Рука Максима ныла чуть повыше кисти, и эта боль будила в нем не раскаяние за поднятый в ресторане дебош, а новое тревожное раздумье.
"Что-то неладное было со мной до сих пор, - лихорадочно быстро неслись в голове мысли. - И эта компания… И хлопоты матери… И Лидию обидел ни за что…"
Максиму представилось, что он может потерять ее навсегда из ребячьего упрямства, из ложного самолюбия, и ему захотелось тотчас же бежать к ней и молить о прощении. Но он лежал не двигаясь, голова его слегка кружилась и была тяжелой. Мысли путались.
Он не слышал, как вошла мать и присела на край кровати. Он очнулся от прикосновения ее мягкой руки ко лбу и услышал ласковый полушепот:
- Максик, что с тобой? Ты болен?
- Да, нездоровится, - угрюмо ответил Максим, закрывая рот ладонью, чтобы не дышать в лицо матери винным перегаром. Но она уже почуяла запах, бережно и в то же время боязливо гладила его волосы.
- Ты, наверное, выпил немножко с друзьями? Это ничего. Ради такого случая можно. Ведь ты теперь самостоятельный мужчина, - лился ее тихий обезволивающий голос. - Я тут тоже надумала собрать для тебя и твоих друзей в честь окончания института вечеринку… Позовешь кого надо… Повеселитесь…
- Благодарю, мама.
- Но ты, конечно, еще подумаешь… Мне ведь неудобно перед Аржановым, - вкрадчиво нашептывала Валентина Марковна. - Не огорчай меня, милый.
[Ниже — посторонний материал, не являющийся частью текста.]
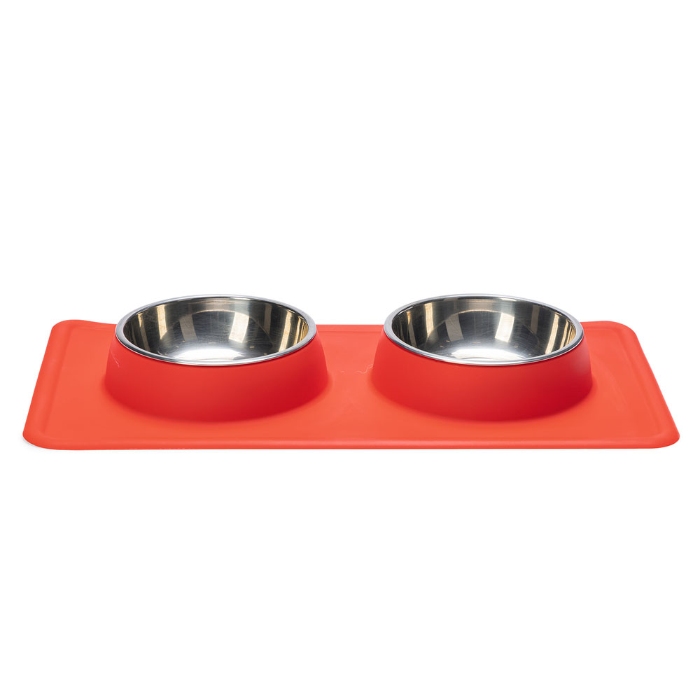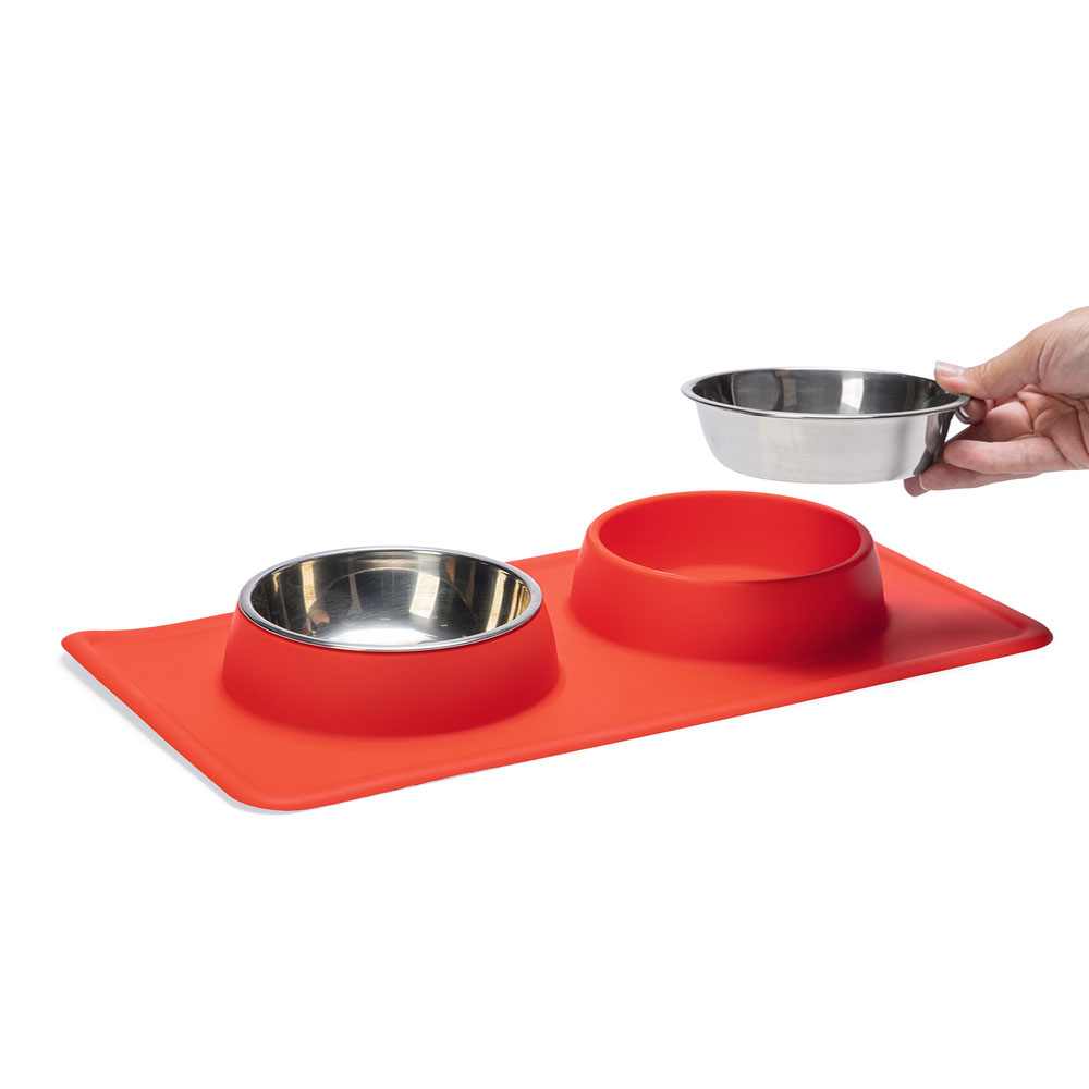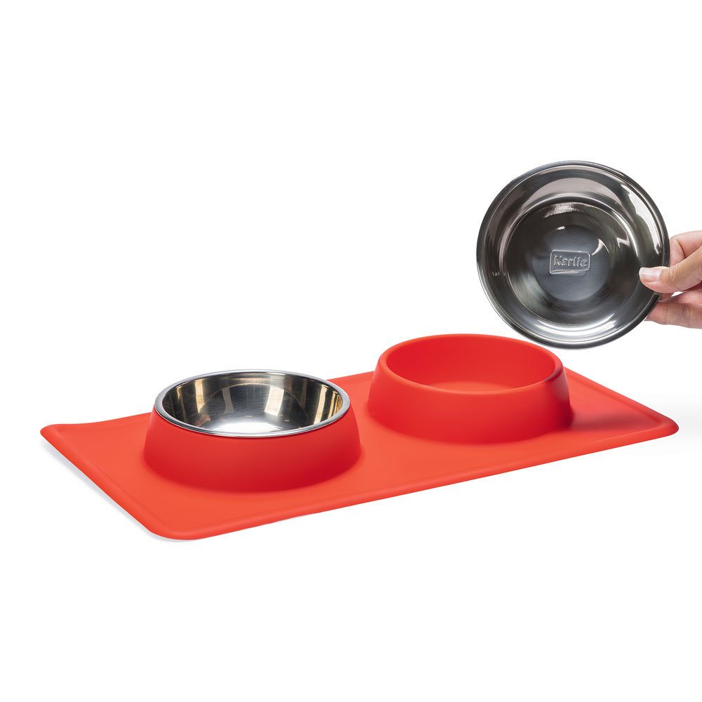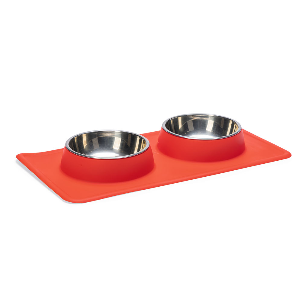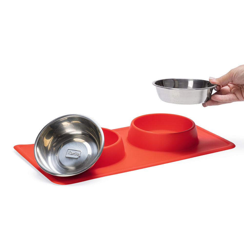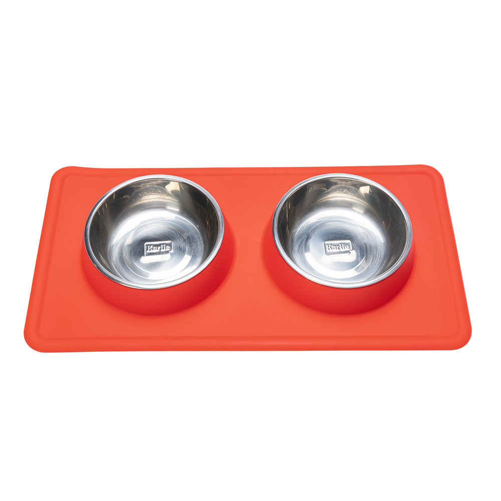 Mit dem Diner Set Dex von Karlie können Sie Ihren Hund mit Futter und Wasser versorgen. Dieses Set hat 2 herausnehmbare Edelstahlschüsseln. Diese Edelstahlschüsseln können in der Spülmaschine gereinigt werden. Edelstahl sorgt dafür, dass der Geruch von Hundefutter nicht aufgenommen wird. Der Rand von Dex ist aus rutschfestem Silikon, damit die Schale an Ort und Stelle bleibt. Außerdem sammelt die Silikonschale verschüttetes Wasser und/oder Futter auf.

Мне будет тяжело, когда ты уедешь и будешь где-то далеко, в ужасных условиях…
Максим резко отодвинулся:
- Мама, уже все решено. И не уговаривай. Я не могу стать трусом, плутом, перед товарищами, перед комсомольской организацией.
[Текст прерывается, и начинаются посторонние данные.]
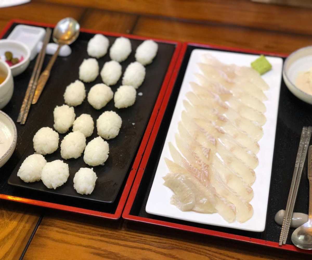 제주시에 위치한 ‘초밥군커피씨’는 1층은 초밥집, 2층은 카페로 운영되는 그림 같은 외관이 인상적인 곳이다. 예약을 해야만 맛볼 수 있는 대표 메뉴 ‘용초밥’은 방어, 광어, 부시리 중 하나를 선택해 주문하며, 커다란 초밥이 통째로 제공된다. 인증샷을 찍은 후 사장님께 다시 전하면 적당한 크기로 손질되어 나온다. 초밥은 셀프 방식으로 즐기며, 신선한 회를 그대로 먹거나 밥을 곁들여 나만의 초밥으로 만들어도 된다.
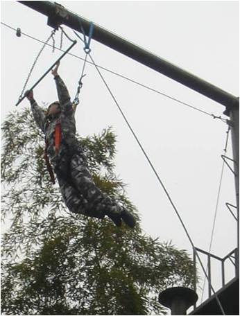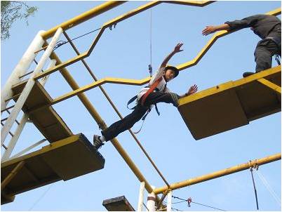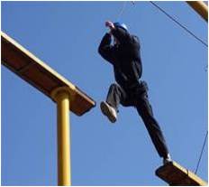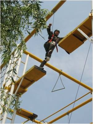 学员在8米的高空,在宽30厘米的断桥上,从桥的一端跳向另一端,然后再跳回到出发点。

- Я знаю одно, - упорно продолжала Валентина Марковна, - похлопочи за любого твоего товарища, скажи ему, что его оставят в Москве, и он не откажется и сочтет это за счастье.
Максим молчал, стиснув зубы. Он видел перед собой добродушно-усмешливую улыбку Бесхлебнова, слышал его подтрунивающие слова: "Видать, мама тебя здорово в шубы и одеяла кутала…"
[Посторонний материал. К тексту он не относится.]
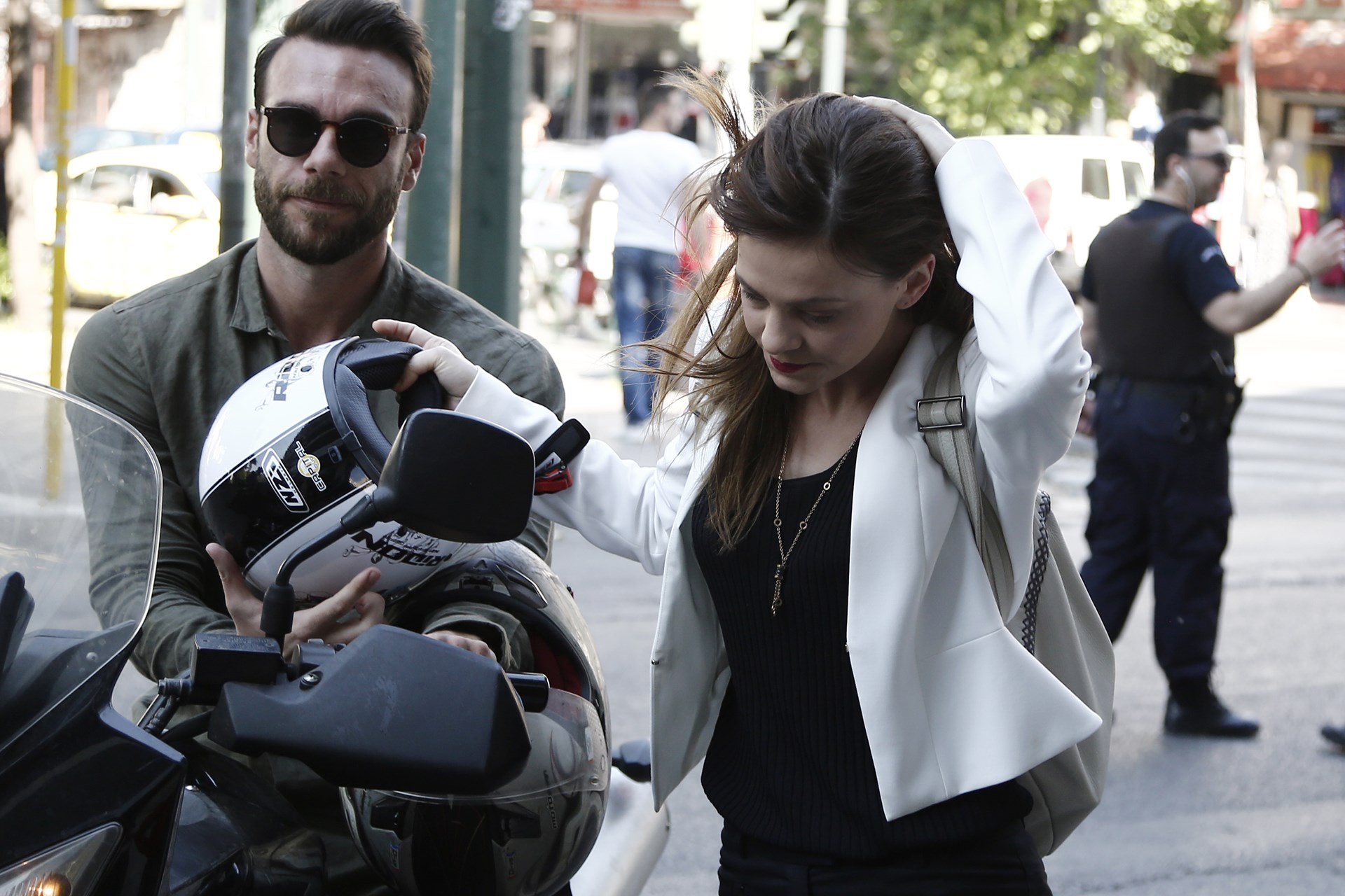 Τα βλέμματα, κατά την άφιξη της υπουργού, τράβηξε ένας γοητευτικός άνδρας που οδηγούσε τη μηχανή.

Ему захотелось грубо оборвать ненужный разговор, но он призвал все силы, чтобы сдержаться, и спросил:
- Скажи, мама, ты хорошо знаешь семью Бражинских? Отец Леопольда, кажется, работает в папиной системе?
- Он заведует комиссионным магазином… А что?
- Да так… - Максим решил быть откровенным. - Сегодня я поссорился с Леопольдом… Ударил его…
- Да за что же? Где это было? - всплеснув руками, испуганно спросила Валентина Марковна.
Максим хрипло засмеялся:
- Здорово я его трахнул. Теперь он, может быть, даже подаст на меня в суд…
Валентина Марковна грузно встала с постели, пошарив рукой, щелкнула выключателем. Слепящий свет вырвался из-под шелкового абажура. Максим зажмурился. Когда он открыл глаза, то увидел: мать стояла горбясь, опираясь на спинку кровати, с недоумением и страхом смотрела на него.
- Максик, зачем ты это сделал? Сыночек… зачем, а? - Голос ее срывался.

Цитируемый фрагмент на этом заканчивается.